# Installing Nav after I purchase 2004 530i



## Rix Mix (Jun 23, 2004)

I want to get the Nav but it is kind of pricey but was curious if you can install it in the 5 series after I buy the car. My dealer said it is only a factory installed option, but that does not make sense, with a little wiring I think this should be possible. Has anyone done this? I have the same question for the Heads-up Display

Thanks


----------



## alee (Dec 19, 2001)

Here's what's involved (at least for the E46)... http://www.openbmw.org/nav/sys


----------



## Kaz (Dec 21, 2001)

On a E60? I don't even want to think about it...


----------



## Tyrone (Apr 17, 2003)

The bottom line is that you will always pay more for a retrofit than you will just buying it in the first place. So if you are planning to get the nav somehow, your best option really is to order it.

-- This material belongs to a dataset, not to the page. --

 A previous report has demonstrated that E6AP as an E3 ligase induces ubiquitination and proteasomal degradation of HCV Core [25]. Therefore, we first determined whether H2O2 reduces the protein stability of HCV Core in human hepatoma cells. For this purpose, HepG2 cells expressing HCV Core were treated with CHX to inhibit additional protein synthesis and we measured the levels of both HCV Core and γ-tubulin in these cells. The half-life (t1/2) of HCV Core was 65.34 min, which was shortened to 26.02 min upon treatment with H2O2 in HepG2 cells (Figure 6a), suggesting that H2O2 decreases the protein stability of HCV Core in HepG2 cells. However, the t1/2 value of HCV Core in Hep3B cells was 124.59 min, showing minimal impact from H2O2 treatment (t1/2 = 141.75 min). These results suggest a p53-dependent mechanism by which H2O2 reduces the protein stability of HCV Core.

That said, times have changed since the days of the E38-E46. Contrary to what one might believe, it is not NEARLY as involved to install the navigation system in the E60. There is a retrofit kit available, but I don't know if it's available in the U.S. or not. There are about a dozen parts in there and you'll need coding at the dealer after you're done. There is an exchange program in place so you should be able to get a core charge refunded from the return of your old equipment that is replaced. I have no idea what it costs, but price a CCC (car communication computer), the 8.8" screen, and the navigation computer, and that will give you a good idea of the cost. Retrofit kits are always cheaper than doing something piecemeal, so keep that in mind too.

There is no retrofit kit available for the E60 yet, but that's not to say you can't do it. If it were an E39 I could tell you but I really need to brush up on the E60!


----------



## Tyrone (Apr 17, 2003)

Tyrone said:


> There is no retrofit kit available for the E60 yet, but that's not to say you can't do it. If it were an E39 I could tell you but I really need to brush up on the E60!

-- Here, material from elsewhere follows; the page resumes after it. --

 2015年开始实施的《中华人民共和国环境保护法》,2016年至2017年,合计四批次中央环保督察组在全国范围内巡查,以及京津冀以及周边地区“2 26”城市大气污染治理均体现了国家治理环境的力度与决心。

Oops, i meant to say there is no "HEAD-UP display" retrofit kit, and expect to pay around $2000 for it you piece together the parts. The dashboard is different and the electronic unit is very expensive.

There is in fact a nav/ccc retrofit as I mentioned farther up.


----------



## Tyrone (Apr 17, 2003)

Tyrone said:


> The bottom line is that you will always pay more for a retrofit than you will just buying it in the first place. So if you are planning to get the nav somehow, your best option really is to order it.
> 
> That said, times have changed since the days of the E38-E46. Contrary to what one might believe, it is not NEARLY as involved to install the navigation system in the E60. There is a retrofit kit available, but I don't know if it's available in the U.S. or not. There are about a dozen parts in there and you'll need coding at the dealer after you're done. There is an exchange program in place so you should be able to get a core charge refunded from the return of your old equipment that is replaced. I have no idea what it costs, but price a CCC (car communication computer), the 8.8" screen, and the navigation computer, and that will give you a good idea of the cost. Retrofit kits are always cheaper than doing something piecemeal, so keep that in mind too.
> 
> There is no retrofit kit available for the E60 yet, but that's not to say you can't do it. If it were an E39 I could tell you but I really need to brush up on the E60!


Learn something new every day..I guess Japan is the only country that gets a separate "navigation computer." It is integrated into the CCC everywhere else.


----------



## sj3 (Feb 25, 2004)

I'm pretty sure the HUD uses a different windshield also.

Sam


----------



## mattboy012 (Jun 8, 2004)

sj3 said:


> I'm pretty sure the HUD uses a different windshield also.
> 
> Sam


Hm.. I never thought about that, but definitely sounds viable. Completely off topic, but I wonder how such a windshield would affect radar detector performance?


----------



## alee (Dec 19, 2001)

mattboy012 said:


> Hm.. I never thought about that, but definitely sounds viable. Completely off topic, but I wonder how such a windshield would affect radar detector performance?


It shouldn't. On cars on the market already with HUD, there's special patch that the HUD reflects off of to make it a little more readable.

The E60's HUD uses mirror tricks to make the HUD info float about 7 ft from the driver, so there's no near/far focusing needed to watch the information.


----------